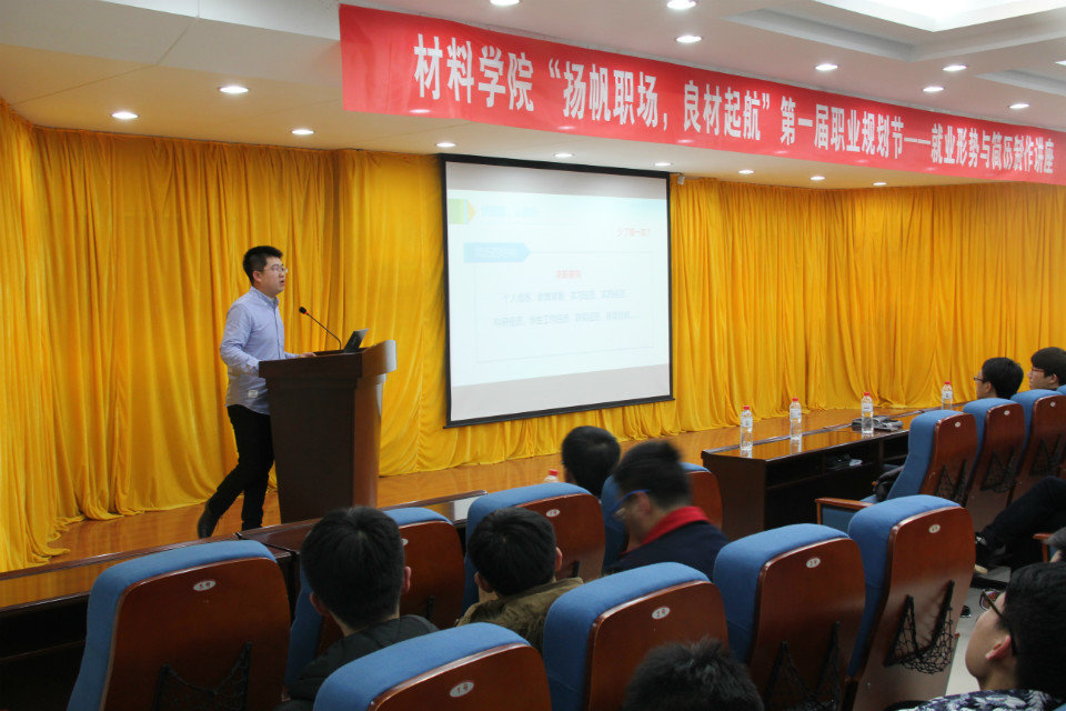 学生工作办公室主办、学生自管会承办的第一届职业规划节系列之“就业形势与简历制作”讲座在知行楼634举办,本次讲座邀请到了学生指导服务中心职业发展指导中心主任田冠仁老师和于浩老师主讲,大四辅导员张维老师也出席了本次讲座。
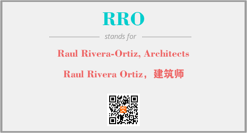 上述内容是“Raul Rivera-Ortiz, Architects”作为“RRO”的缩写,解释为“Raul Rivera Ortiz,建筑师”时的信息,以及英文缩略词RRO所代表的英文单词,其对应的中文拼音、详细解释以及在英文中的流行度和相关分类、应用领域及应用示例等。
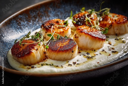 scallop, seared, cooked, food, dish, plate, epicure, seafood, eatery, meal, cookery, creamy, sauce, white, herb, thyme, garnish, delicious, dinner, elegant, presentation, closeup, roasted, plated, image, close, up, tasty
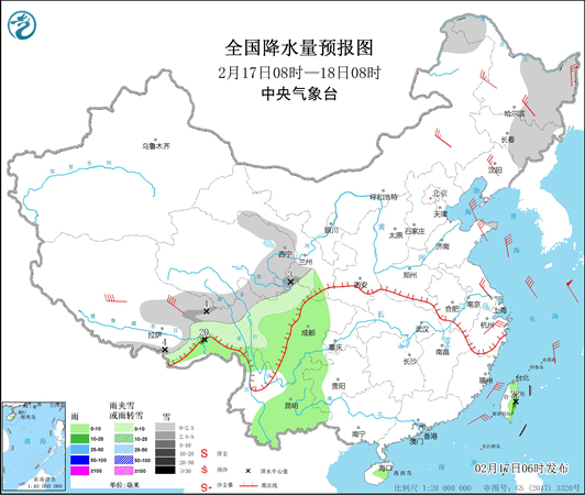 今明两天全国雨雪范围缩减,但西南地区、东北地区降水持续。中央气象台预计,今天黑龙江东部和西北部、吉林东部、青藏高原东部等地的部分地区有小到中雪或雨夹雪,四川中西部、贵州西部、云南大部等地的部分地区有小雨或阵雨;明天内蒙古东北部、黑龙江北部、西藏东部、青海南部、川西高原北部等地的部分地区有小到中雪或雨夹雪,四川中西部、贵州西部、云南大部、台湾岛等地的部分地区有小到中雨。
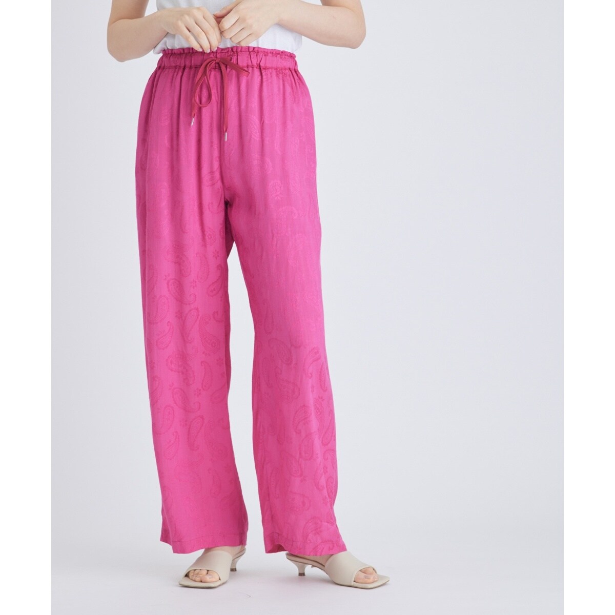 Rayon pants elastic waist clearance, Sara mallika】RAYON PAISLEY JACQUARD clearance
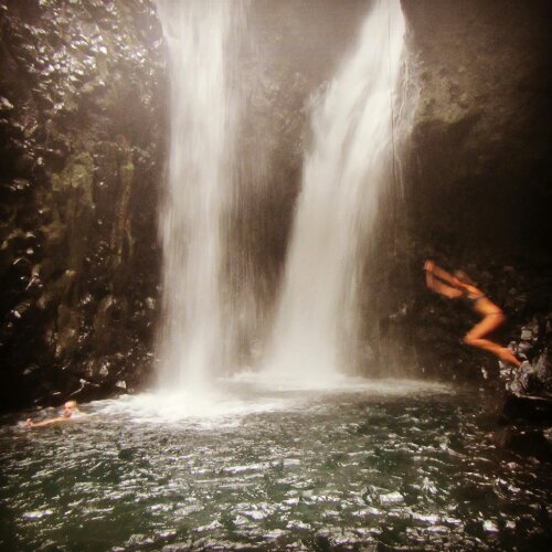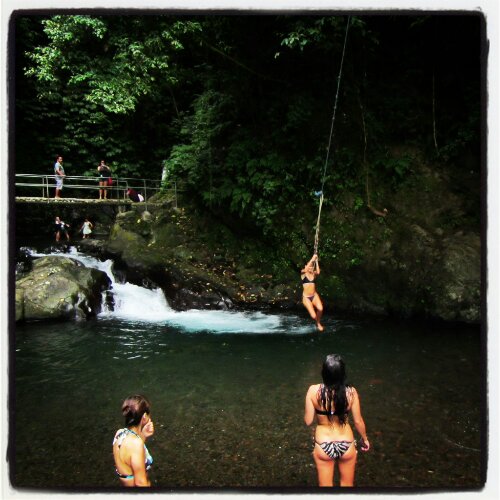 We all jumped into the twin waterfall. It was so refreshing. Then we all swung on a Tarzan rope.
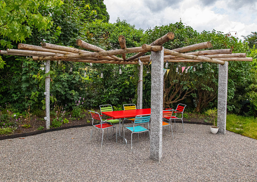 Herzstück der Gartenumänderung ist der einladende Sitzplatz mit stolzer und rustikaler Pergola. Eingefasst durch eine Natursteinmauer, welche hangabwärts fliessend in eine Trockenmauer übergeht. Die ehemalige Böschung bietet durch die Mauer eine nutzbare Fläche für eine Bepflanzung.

What to work on: The answer must be the entries above, printed exactly, with no pictures.

Response area:
 学生工作办公室主办、学生自管会承办的第一届职业规划节系列之“就业形势与简历制作”讲座在知行楼634举办,本次讲座邀请到了学生指导服务中心职业发展指导中心主任田冠仁老师和于浩老师主讲,大四辅导员张维老师也出席了本次讲座。
 上述内容是“Raul Rivera-Ortiz, Architects”作为“RRO”的缩写,解释为“Raul Rivera Ortiz,建筑师”时的信息,以及英文缩略词RRO所代表的英文单词,其对应的中文拼音、详细解释以及在英文中的流行度和相关分类、应用领域及应用示例等。
 scallop, seared, cooked, food, dish, plate, epicure, seafood, eatery, meal, cookery, creamy, sauce, white, herb, thyme, garnish, delicious, dinner, elegant, presentation, closeup, roasted, plated, image, close, up, tasty
 今明两天全国雨雪范围缩减,但西南地区、东北地区降水持续。中央气象台预计,今天黑龙江东部和西北部、吉林东部、青藏高原东部等地的部分地区有小到中雪或雨夹雪,四川中西部、贵州西部、云南大部等地的部分地区有小雨或阵雨;明天内蒙古东北部、黑龙江北部、西藏东部、青海南部、川西高原北部等地的部分地区有小到中雪或雨夹雪,四川中西部、贵州西部、云南大部、台湾岛等地的部分地区有小到中雨。
 Rayon pants elastic waist clearance, Sara mallika】RAYON PAISLEY JACQUARD clearance
 We all jumped into the twin waterfall. It was so refreshing. Then we all swung on a Tarzan rope.
 Herzstück der Gartenumänderung ist der einladende Sitzplatz mit stolzer und rustikaler Pergola. Eingefasst durch eine Natursteinmauer, welche hangabwärts fliessend in eine Trockenmauer übergeht. Die ehemalige Böschung bietet durch die Mauer eine nutzbare Fläche für eine Bepflanzung.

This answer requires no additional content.